Herbie Kay Photo

Herbie Kay Cause of Death, Age, Net Worth at Death, Dorothy Lamour First Husband

Herbie Kay Net Worth

Herbie Kay had an estimated net worth of $2 million at the time of his death. He was an American trumpeter and big band leader.

Herbie Kay Bio

Herbie Kay, born Herbert Kaumeyer (1904 – May 11, 1944, Dallas), was an American big band leader and trumpeter.

Kay’s career began in the mid-1920s while he was a student at Northwestern University, where he played in dance bands. From the late 1920s to the early 1940s, he led his own band and performed extensively in the Chicago area, including a long-running residency at the Blackhawk Restaurant.

Kay hired Dorothy Lamour as a vocalist in 1934, and they married in 1935; by 1936, Lamour had moved to Hollywood to pursue a film career, and their marriage ended in 1939.
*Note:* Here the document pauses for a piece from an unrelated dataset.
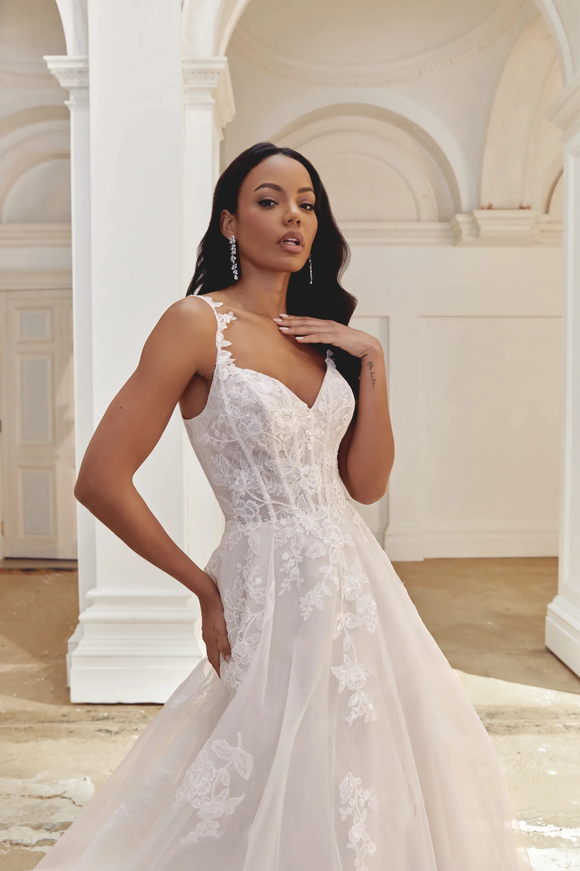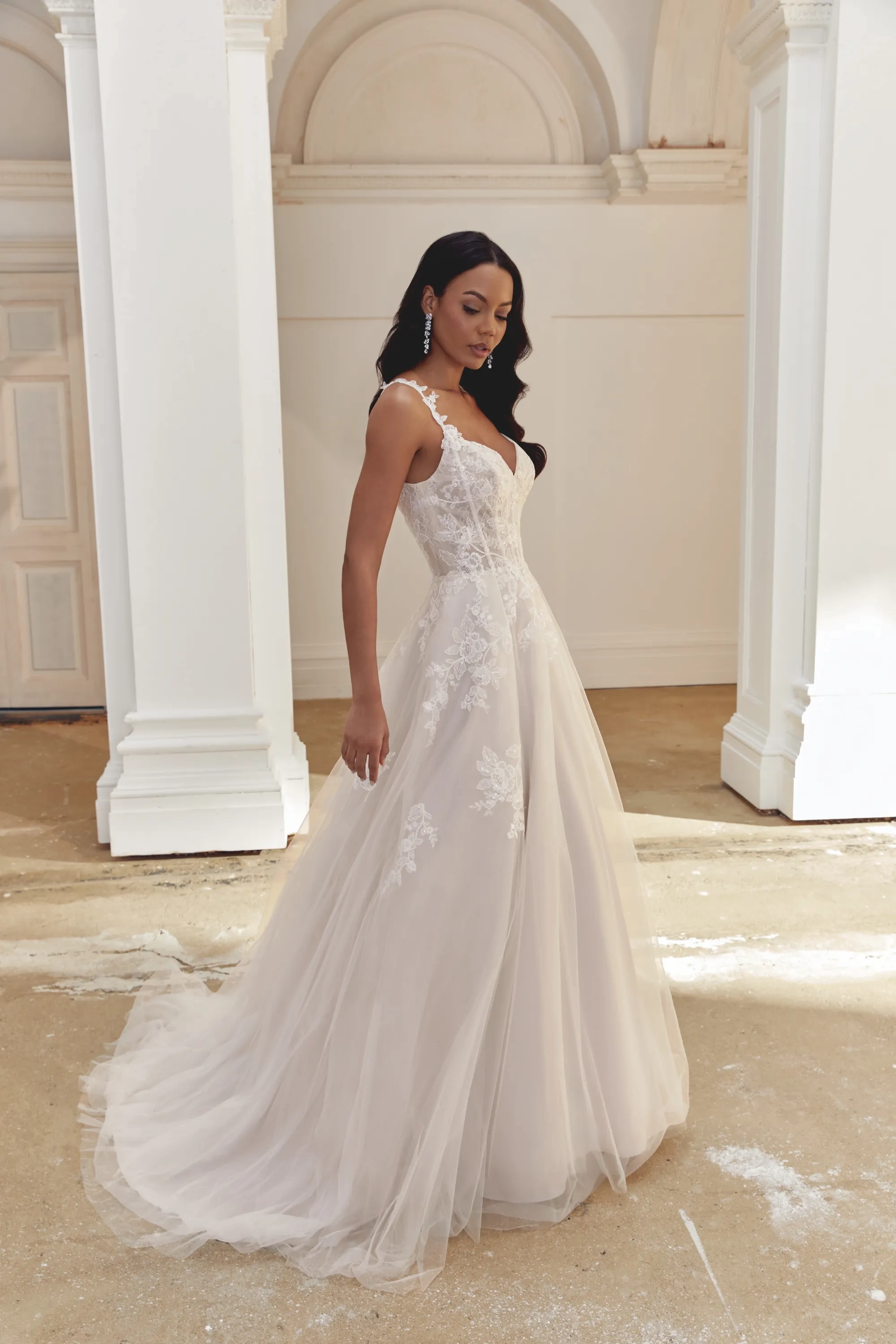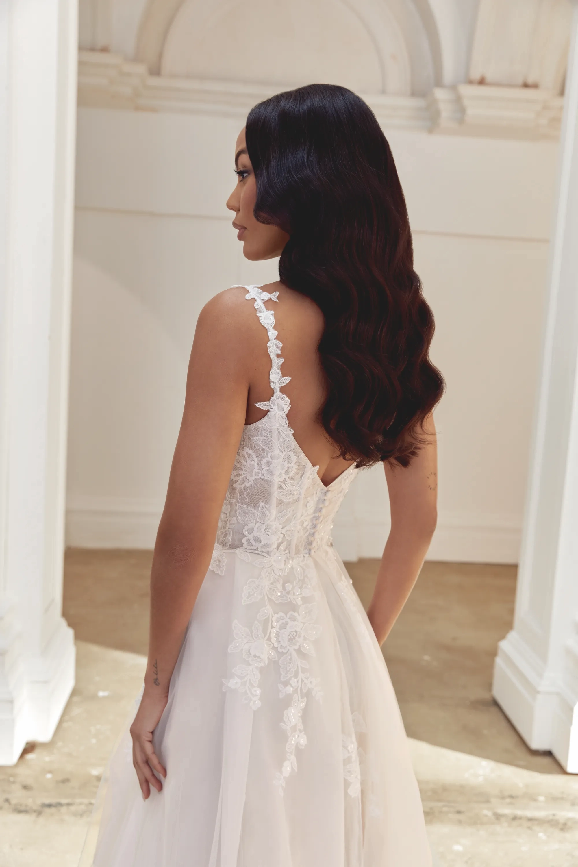 Fabric:Chantilly Lace, Sequined Lace Appliques, Tulle

He recorded for Vocalion and Columbia Records and toured throughout the Western US; his band’s songs included a specially-written novelty dance tune, “Rhythm Steps”.

He led a band of four saxophones, four brass instruments, and three rhythm instruments for the majority of his career. Shirley Lloyd, Fuzzy Combs, King Harvey, and “The Three Kays” were among the singers. In the early 1940s, he disbanded the group and relocated to Dallas, where he died in 1944.

Herbie Kay Cause of death

Herbie’s cause of death was Melanoma on the face / Generalized melanoma, with metastases to the cord, spine, and brain.
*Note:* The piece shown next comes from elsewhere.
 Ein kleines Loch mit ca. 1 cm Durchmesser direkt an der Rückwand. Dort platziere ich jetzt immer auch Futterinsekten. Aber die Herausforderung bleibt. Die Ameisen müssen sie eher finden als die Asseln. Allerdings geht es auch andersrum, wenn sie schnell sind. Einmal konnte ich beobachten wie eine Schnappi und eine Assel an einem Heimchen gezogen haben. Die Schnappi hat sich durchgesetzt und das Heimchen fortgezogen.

Melanoma, the deadliest form of skin cancer, grows in the cells (melanocytes) that produce melanin, the pigment that gives your skin its color. Melanoma can also develop in the eyes and, in rare cases, inside the body, such as the nose or throat.

Herbie Kay age at death

Kay died on 11 May 1944 age 40 years, he passed away at his home in Normandy, Highland Park, Dallas. He was born on 3 Jan 1904 in Chicago.

Herbie Kay Wife

Herbie was married to Dorothy Lamour.

Lamour’s first marriage was to orchestra leader Herbie Kay, with whom she sang in her first orchestra. Their marriage ended in divorce in 1939.
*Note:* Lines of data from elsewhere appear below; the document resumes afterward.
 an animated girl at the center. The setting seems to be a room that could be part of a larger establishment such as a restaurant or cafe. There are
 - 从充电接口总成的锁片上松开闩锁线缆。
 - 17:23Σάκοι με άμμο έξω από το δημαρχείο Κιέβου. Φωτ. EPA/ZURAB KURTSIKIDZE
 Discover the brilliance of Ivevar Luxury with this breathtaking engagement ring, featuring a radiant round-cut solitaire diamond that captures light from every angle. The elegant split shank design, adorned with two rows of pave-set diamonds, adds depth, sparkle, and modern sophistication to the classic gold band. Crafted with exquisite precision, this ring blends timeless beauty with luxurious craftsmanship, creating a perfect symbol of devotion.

Lamour met J. Edgar Hoover, the director of the Federal Bureau of Investigation, early in her career. Hoover pursued a romantic relationship with Lamour, according to Hoover’s biographer Richard Hack, and the two spent a night together in a Washington, D.C. hotel. When asked later if she and Hoover had a sexual relationship, Lamour replied, “I cannot deny it.” Lamour refers to Hoover only as “a lifelong friend” in her autobiography My Side of the Road (1980).

Lamour married Air Force captain and advertising executive William Ross Howard III in Beverly Hills on April 7, 1943. John Ridgely (1946-2018) and Richard Thomson Howard were the couple’s two sons (born 1949).

Lamour and Howard relocated to Sudbrook Park, a Baltimore, Maryland suburb, in 1957. The couple and their two sons moved to Hampton, another Dulaney Valley Baltimore suburb, in 1962, with their oldest son, John, attending Towson High School. She also had a residence in Palm Springs, California. Howard passed away in 1978.